- [Task brief] An exact transcript of every entry is required, without any of the pictures.

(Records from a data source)
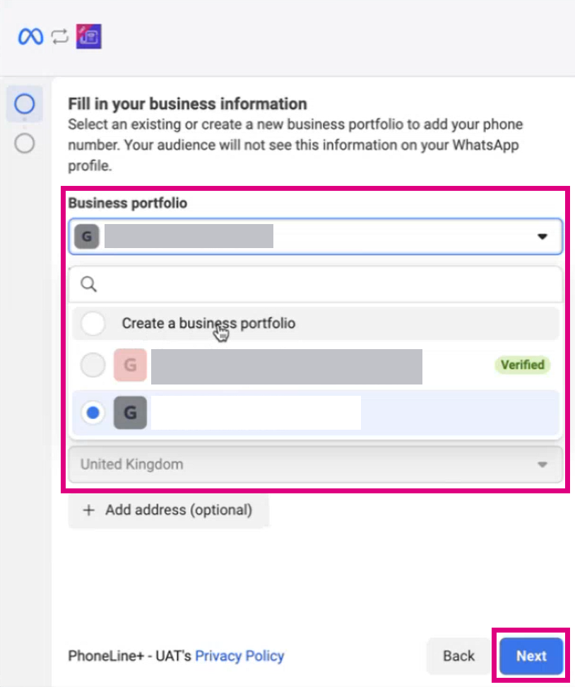 To proceed, please select the Business account from the ‘Business portfolio’ drop-down menu on the screen that appears.
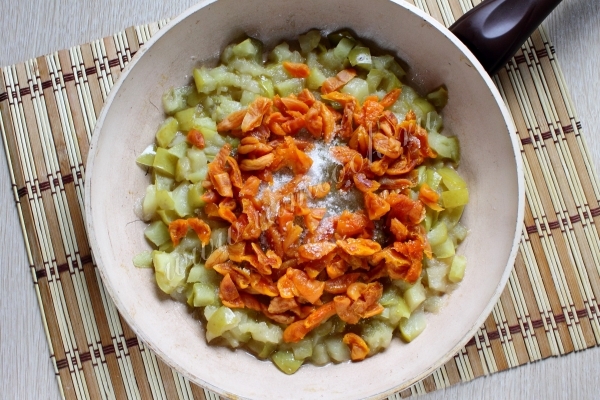 Курагу отожмите от воды, мелко порежьте и добавьте к яблокам. В начинку добавьте сахар и ванилин, перемешайте.
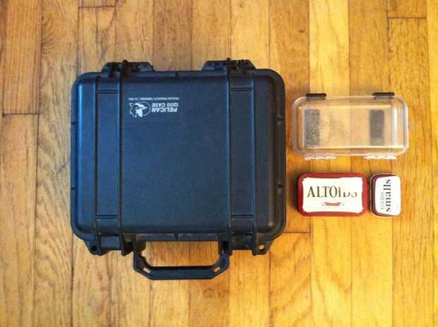 Para el caso principal utiliza un Pelican 1200 pero puede usar cualquier tamaño de caja como se cierra firmemente. Solía tener un maletín de aluminio. Si yo no hubiera dado lejos, yo probablemente habría utilizado en su lugar. Con su caja principal seleccionado, ahora necesita encontrar contenedores para componentes y cables. Tuve una serie de grandes latas de Altoids pequeño, otro pequeño Pelican caso (1010) y caja de un tamaño similar, pero ligeramente más largo y más delgado claro llegó un reloj al aire libre. En cuanto a los casos de componente, cualquier recipiente que permanecerá cerrado en sí mismo, debería funcionar bien. Latas de Altoids pasó a ser el tamaño perfecto para mi caso principal, por lo que utilizan las grandes y pequeñas y colocadas sobre el uso de la caja del reloj, para los componentes más grandes.
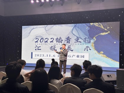 日前,文学系2022级播音与主持艺术专业二班全体同学在焦尊老师的带领下前往青岛东方影都—青岛5G产业园进行《播音主持内外部技巧》的汇报展示。
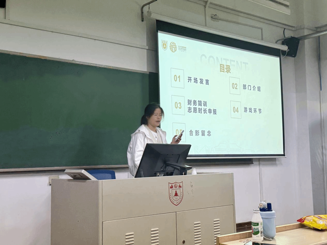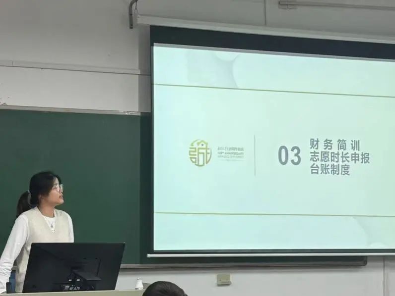 紧接着的是内训环节。聆听了有关财务报销、志愿时长申报、台账制度的介绍,相信各位新成员都对学生会的工作流程有了更进一步的了解,也期待大家将这些技巧方法认真运用到具体工作之中。
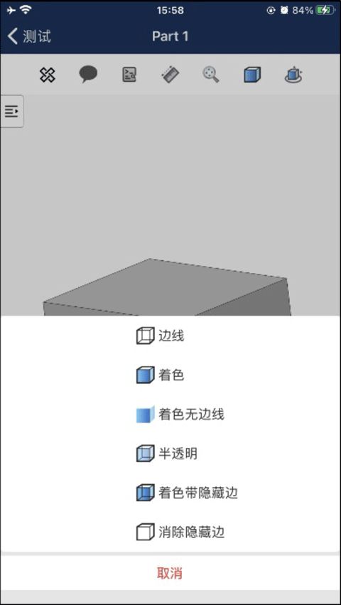 特征面板:显示当前零件的组成、基准面、建模特征,用户可选择特征的显隐。APP中暂不支持对零件的编辑,若想编辑零件,通过浏览器端实现零件的编辑。
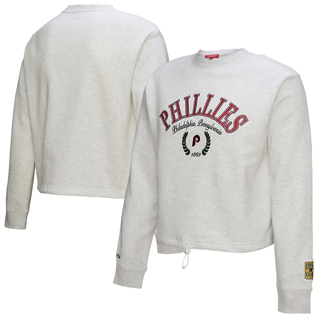 Sweat-shirt court à capuche Mitchell & Ness gris chiné pour femme, motif Philadelphia Phillies
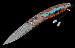 Meteoric Hand-engraved Pocketknife With Meteorite And Gold Inlays, And Meteorite Damascus Blade

- [Solution for this problem]
 To proceed, please select the Business account from the ‘Business portfolio’ drop-down menu on the screen that appears.
 Курагу отожмите от воды, мелко порежьте и добавьте к яблокам. В начинку добавьте сахар и ванилин, перемешайте.
 Para el caso principal utiliza un Pelican 1200 pero puede usar cualquier tamaño de caja como se cierra firmemente. Solía tener un maletín de aluminio. Si yo no hubiera dado lejos, yo probablemente habría utilizado en su lugar. Con su caja principal seleccionado, ahora necesita encontrar contenedores para componentes y cables. Tuve una serie de grandes latas de Altoids pequeño, otro pequeño Pelican caso (1010) y caja de un tamaño similar, pero ligeramente más largo y más delgado claro llegó un reloj al aire libre. En cuanto a los casos de componente, cualquier recipiente que permanecerá cerrado en sí mismo, debería funcionar bien. Latas de Altoids pasó a ser el tamaño perfecto para mi caso principal, por lo que utilizan las grandes y pequeñas y colocadas sobre el uso de la caja del reloj, para los componentes más grandes.
 日前,文学系2022级播音与主持艺术专业二班全体同学在焦尊老师的带领下前往青岛东方影都—青岛5G产业园进行《播音主持内外部技巧》的汇报展示。
 紧接着的是内训环节。聆听了有关财务报销、志愿时长申报、台账制度的介绍,相信各位新成员都对学生会的工作流程有了更进一步的了解,也期待大家将这些技巧方法认真运用到具体工作之中。
 特征面板:显示当前零件的组成、基准面、建模特征,用户可选择特征的显隐。APP中暂不支持对零件的编辑,若想编辑零件,通过浏览器端实现零件的编辑。
 Sweat-shirt court à capuche Mitchell & Ness gris chiné pour femme, motif Philadelphia Phillies
 Meteoric Hand-engraved Pocketknife With Meteorite And Gold Inlays, And Meteorite Damascus Blade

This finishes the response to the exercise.